Assignment1_2017.docx Page 2 of 4
Data
The data for the first question (available in the file moorhen.csv on Wattle) is presumably from
an old consulting project (not one of mine, which might explain the poor documentation). The
original consultant hopefully got the permission of the owners to use it in teaching, as it has
been used for this purpose before. I am using it here as an example of a situation I have often
found myself in as a consultant, which is having to work with poorly described data and
where I have to speculate on aspects of the interpretation and the research question. Working
as a consultant is considerably easier when you are able to directly collaborate with the clients
on these issues.
Many of the projects I have worked on as a statistician have involved data that was considered
private (such as health data) or data to which access was restricted (for example, data
designated “commercial-in-confidence”). For these reasons, it is not always easy to source
realistic data for use in teaching statistics and so groups of statisticians maintain repositories
of examples of real data that are in the “public domain”. In many countries, there are Internet
repositories of data available for use in the teaching of introductory statistics.

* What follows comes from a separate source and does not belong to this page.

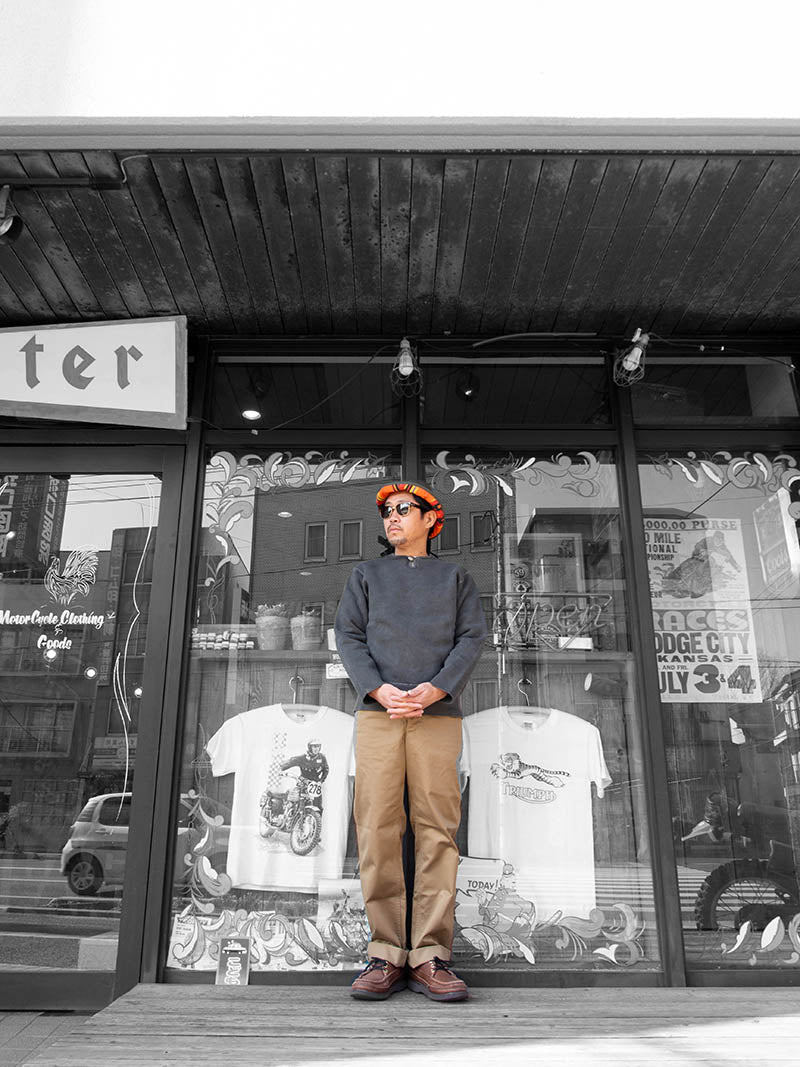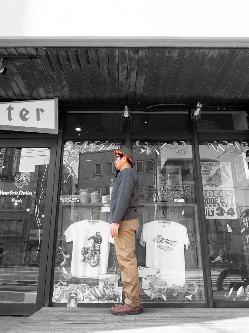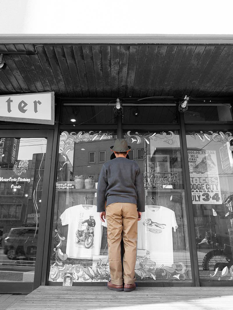 チノはWORKERS 別注のUSMC Khaki が一色。少し黄土色っぽい、ベージュではない。

The data for the second question comes from such a repository: the data archive associated
with the Journal of Statistics Education (JSE), a publication of the American Statistical
Association (www.amstat.org/publications/jse/jse_data_archive.htm).
Datasets in the JSE data archive are typically accompanied by a file which give a description
of the variables included in the data (the “meta-data”) and are also often accompanied by an
associated article in the journal (and occasionally even by references to other sources). The fat
data, which we will be using in question 2 of this year’s assignments, includes both of the
above accompanying documents.
You can download a text file containing the fat data and the associated documents from the
JSE website (www.amstat.org/publications/jse/jse_data_archive.htm) or the data is also
available on Wattle in the file fat.csv, which includes a header row with the variable names. I
have also downloaded a copy of the meta-data text file (fat.txt), and made this file available on
Wattle.
Alternatively, the fat data are also stored in the UsingR package from the recommended text
by John Verzani (Using R for Introductory Statistics, 2nd Edn, Chapman & Hall/CRC, 2014).
The UsingR package is available from CRAN (the Comprehensive R Archive Network, the
original Australian mirror site for which is located here in Canberra at the CSIRO).
You can install the UsingR package by typing the following commands in R:
install.packages(“UsingR”) # installs the UsingR package
library(UsingR) # attaches both the UsingR and the HistData libraries to your search path
search()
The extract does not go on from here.